Loss of PRDX6 in SNU475 cells disrupts plasmalogen homeostasis

Most of the ether-linked glycerophospholipids (51 species), either as ether-linked (plasmanyl) or vinyl-ether linked (plasmenyl), were also reduced in SNU475PRDX6−/− cells. Remarkably, among the plasmenyls, only two species increased: PC(P-17:0/20:4) and PC(P-18:0/20:4), both are canonical plasmalogens with AA esterified at the sn2 position (Figure 3D). The data demonstrate that loss of PRDX6 in SNU475 cells disrupts plasmalogen homeostasis that could be in the root of the signaling, metabolic and cell cycle changes we have previously observed in cells devoid of PRDX6 [16,25,28].

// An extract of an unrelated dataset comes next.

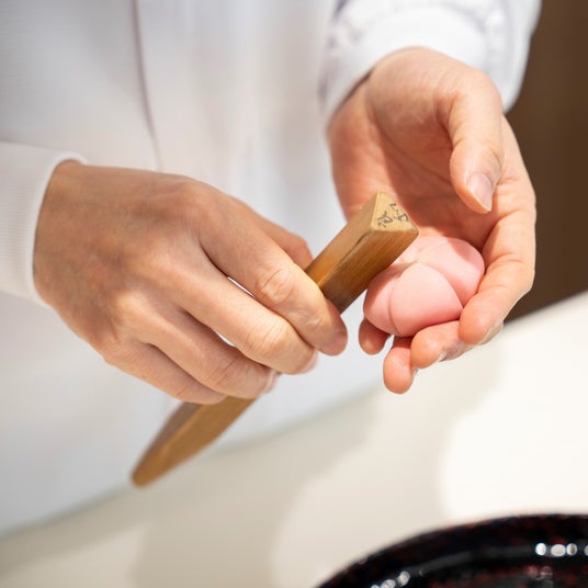 生菓子をお作りいただいた後は、季節に合わせた和三盆の実演をご覧いただき、お客さまに実食いただきます。出来立ての和三盆の口どけをお愉しみください。和三盆の意匠はお任せとなります。

Plasmalogen remodeling is limited to the sn-2 position by rapid deacylation-reacylation steps, as occurs in the ester analogues, catalyzed by the very large PLA2 superfamily that also drives the release of AA. Coincidentally, the levels of AA were drastically decreased in the absence of PRDX6 in all the glycerophospholipid classes, except for three phosphatidylcholine containing species, two of which were the plasmalogens described above (Table 3). Contrary to glycerophospholipids, the levels of AA increased markedly in triglycerides, a likely indication of alteration of its metabolism.

The correlation between the lack of PRDX6 and the accumulation of AA containing plasmalogens in SNU475PRDX6−/− cells suggests that these lipid molecules could also be substrates of PRDX6 PLA2 activity.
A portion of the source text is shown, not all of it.